Each hour produces a single simulated ΔCO, which we sample to match the valid hourly observed ΔCO for each observation site and background combination. Mean simulated ΔCO is also calculated from the hourly simulated ΔCO as described above for the mean observed ΔCO. To assess the sensitivity of our methods, addressed below, we retain the unsampled simulated ΔCO and also calculate hourly and mean simulated ΔCO using the annual mean EDGAR CO emissions. We also test the sensitivity of simulated ΔCO to the STILT configuration settings impacting mixing (horizontal turbulence, minimum mixing height, and vertical mixing scheme) and to the choice of the meteorological product (NAMS, North American Mesoscale Forecast System at 12 km horizontal resolution; GFS, Global Forecast System at 0.25°; and GDAS, Global Data Assimilation System at 1°) for a subset of the study period (January–February 2022) that shows high variability in observed ΔCO. The impact of the mixing scheme and meteorological product selection were previously assessed in greenhouse gas studies by Sargent et al. (2021), Hajny et al. (2022), and Tomlin et al. (2023).

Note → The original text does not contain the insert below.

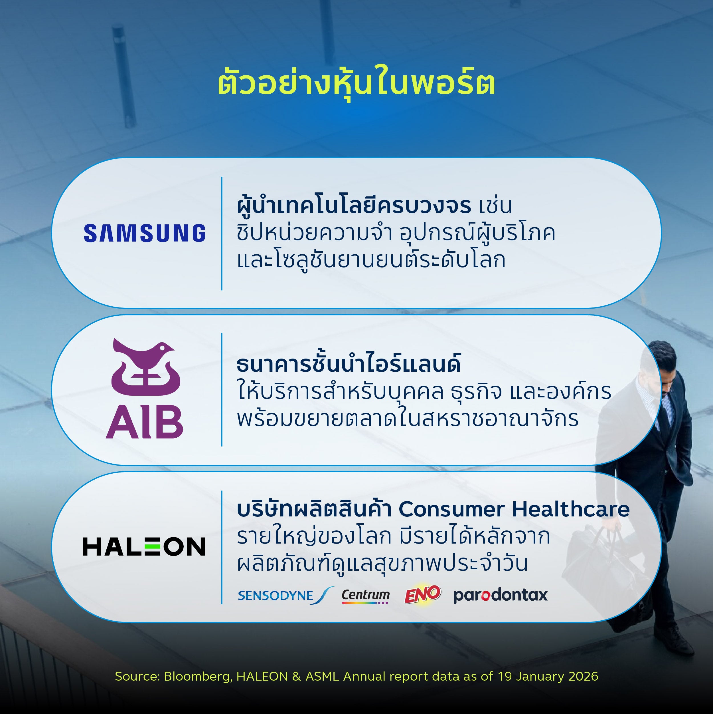 Source: Bloomberg, HALEON & ASML Annual report data as of 19 January 2026

2.9 Observed relative emission

Given the lack of sub-monthly and sub-daily variability in the inventory CO emissions from EDGAR, any variability in the mean simulated ΔCO is attributed to variability in the surface influence footprint (i.e., transport meteorology). The remaining variability in mean observed ΔCO that is not captured by the simulated variability is likely then to be due to changes in the CO emissions not included in the inventory. We normalize the observed ΔCO with the simulated ΔCO to calculate the observed relative emission (ORE; unitless) as in Eq. (3), which removes the variability in meteorology and highlights the sensitivity of simulated ΔCO to the observed change in CO emissions for any period:

$$\begin{array}{}\text{(3)}& \mathrm{ORE}={\displaystyle \frac{\mathrm{observed}\mathrm{\Delta }\mathrm{CO}}{\mathrm{simulated}\mathrm{\Delta }\mathrm{CO}}}.\end{array}$$

The ORE value also represents the relative bias in the CO inventory compared to the CO observations, where an ORE value greater than 1 indicates the CO inventory needs to be increased to match the observations, while an ORE value less than 1 indicates the inventory is biased high. Sensitivity experiments (not shown) indicate that on average emission changes suggested by the ORE reach the ASRC site via transport within 2 h, so CO emissions and enhancements can be considered to occur simultaneously even at the shortest diurnal timescale examined here.

3 Results and discussion

We use our observations to quantify the magnitude and variability in the city-scale observed CO enhancements (ΔCO) from the NYC metropolitan area (NYCMA). Then, we use our simulations to infer CO emission variability, identify bias in the CO emission inventory, and quantify the observed relative emission (ORE) for the region. Finally, we identify the impacts of the COVID-19 shutdowns on CO emissions.

3.1 City-scale observed ΔCO

The observed ΔCO from the NYCMA varies substantially on sub-monthly timescales throughout the winter and spring and across all years of the study (Fig. 2). Mean 10 d observed ΔCO ranges from ∼ 75 to ∼ 275 ppbv, excluding the 2020 COVID-19 shutdown period (see Sect. 3.3). The winters of 2019, 2020, and 2022 experience extended large peaks (> 100 ppbv) in observed ΔCO with general declines toward spring, while in 2021 the large peak occurs in late March (after COVID-19-related school closures ended), at the beginning of the transition to spring, and observed ΔCO increases again by May. In 2019 and 2020, there is less variability outside of these extended peaks as compared to 2021 and 2022, which show several additional small episodes of more elevated ΔCO (∼ 50 ppbv).

Observed ΔCO at the ASRC and CCNY sites are generally consistent and highly correlated, indicating observed ΔCO presented here is representative of city-scale ΔCO. The observed ΔCO at the two sites overlap within the uncertainty presented by the background CO methods, except for slight deviations (∼ 25 ppbv) observed in February 2020 and March–April 2022.

There is a clear diurnal pattern in the observed ΔCO, which is largely consistent between the ASRC and CCNY sites (Figs. 3a, S5). Weekday (Monday–Friday) observed ΔCO peaks in the mid-to-late morning (06:00–12:00 EST), falls off in the early afternoon (12:00–15:00 EST), and peaks again in the evening (16:00–21:00 EST). Weekend (Saturday–Sunday) observed ΔCO tends to have a lower peak (or no peak at all) in the late morning. The magnitude and amplitude of the diurnal pattern varies between year and season.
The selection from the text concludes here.